As the answer, set down the lines below from the one containing "写真③掃き掃除後、水を入れ床をデッキブラシでゴシゴシ。" through the one containing "肌寒さの残る春から、梅雨寒の", exactly and inclusively, and no others.

==== Dataset ====

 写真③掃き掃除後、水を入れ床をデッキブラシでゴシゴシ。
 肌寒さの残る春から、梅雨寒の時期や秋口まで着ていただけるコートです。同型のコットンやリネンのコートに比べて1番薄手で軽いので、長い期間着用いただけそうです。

====
==== Dataset ====

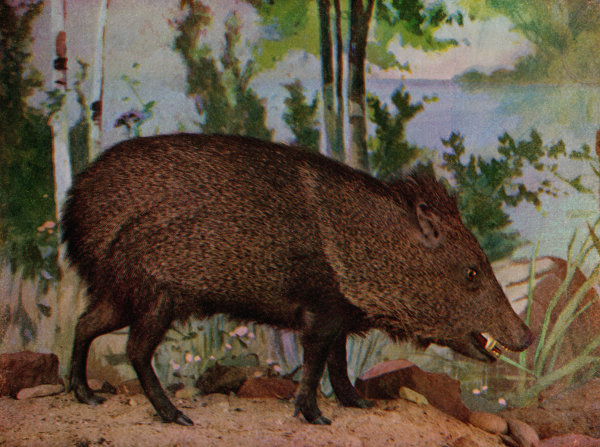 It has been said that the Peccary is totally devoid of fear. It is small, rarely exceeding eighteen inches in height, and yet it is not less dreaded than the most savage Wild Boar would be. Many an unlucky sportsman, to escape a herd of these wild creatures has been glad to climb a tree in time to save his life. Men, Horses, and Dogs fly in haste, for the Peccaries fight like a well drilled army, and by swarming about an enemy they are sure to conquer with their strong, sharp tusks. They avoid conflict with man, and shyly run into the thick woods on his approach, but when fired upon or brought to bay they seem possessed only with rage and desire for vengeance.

====
==== Dataset ====

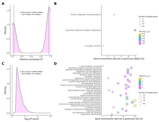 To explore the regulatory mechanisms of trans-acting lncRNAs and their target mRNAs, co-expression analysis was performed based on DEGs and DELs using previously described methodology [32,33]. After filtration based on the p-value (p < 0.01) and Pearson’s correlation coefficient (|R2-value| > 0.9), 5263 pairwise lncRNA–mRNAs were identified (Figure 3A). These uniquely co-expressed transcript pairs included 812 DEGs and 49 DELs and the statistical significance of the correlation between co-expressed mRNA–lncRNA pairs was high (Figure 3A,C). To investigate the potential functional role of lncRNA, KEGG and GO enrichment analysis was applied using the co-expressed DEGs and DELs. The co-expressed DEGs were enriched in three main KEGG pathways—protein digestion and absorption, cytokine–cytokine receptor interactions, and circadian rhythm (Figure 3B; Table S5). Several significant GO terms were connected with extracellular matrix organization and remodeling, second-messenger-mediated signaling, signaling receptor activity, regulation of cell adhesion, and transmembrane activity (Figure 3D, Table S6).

====

Response area =>
 写真③掃き掃除後、水を入れ床をデッキブラシでゴシゴシ。
 肌寒さの残る春から、梅雨寒の時期や秋口まで着ていただけるコートです。同型のコットンやリネンのコートに比べて1番薄手で軽いので、長い期間着用いただけそうです。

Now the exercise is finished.